After a journey through deep space of almost five years, a spacecraft carrying a little piece of Iowa is about to arrive at its destination in orbit around the planet Jupiter.
An instrument onboard NASA’s Juno probe was built at the University of Iowa. U-I research scientist Bill Kurth says the instrument called Waves will analyze Jupiter’s auroras, a phenomenon known as the Northern Lights on Earth.
“We’re going to be studying the physics behind those auroras and Jupiter’s auroras are 1,000 times more intense than those at Earth,” Kurth says. “We really want to understand why Jupiter is so intense. We have some ideas but going there will be the proof in the pudding.”
Kurth is the lead co-investigator on the Waves project. On Earth, the Northern Lights are caused by charged particles from the sun striking atoms in the atmosphere. It produces a spectacular light show, with dazzling waves of green, yellow and purple dancing across the night sky. As yet, we haven’t seen Jupiter’s auroras from Earth, but we know they exist.

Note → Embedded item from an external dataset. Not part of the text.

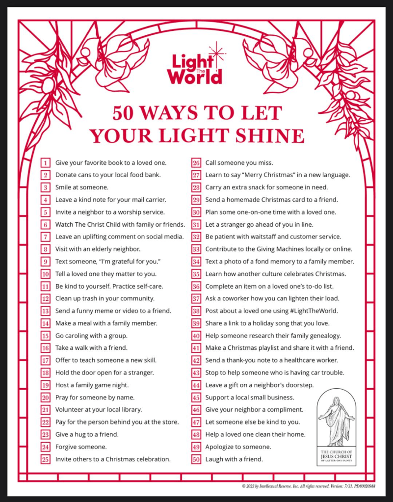 –give a copy of the #LighttheWorld list to everyone in family, encourage them to see how many they can do, and share during dinner conversation and Sparkle Box time. I will text a copy to the out-of-towners.

“We would not see Jupiter’s auroras, especially from our point of view, because we would be looking at the day side,” Kurth says. “However, the Hubble Space Telescope, using ultraviolet observations, has made a large number of images of Jupiter’s auroras. They’re very complex.” Juno was launched in August of 2011 and is due to reach Jupiter’s orbit on Monday — July 4th. Kurth notes the date of America’s Independence is a wonderful day for this accomplishment though it’s purely coincidental. The spacecraft should be sending back data for the next year and a half.
“The mission is designed to go until February 20th of 2018,” Kurth says. “During that time, it will execute 37 orbits around Jupiter. These are unique orbits. These are polar orbits. They’ll go over the poles of Jupiter. This is the first time a spacecraft has done that at Jupiter.” It’s hoped by observing Jupiter’s auroras, we’ll better understand the phenomena on Earth. Juno will also be gathering data on Jupiter’s origins, its atmosphere, its magnetosphere and some of its intriguing moons.
The moon Europa is a global ocean of water, while the moon Io is the most volcanically-active world in our solar system.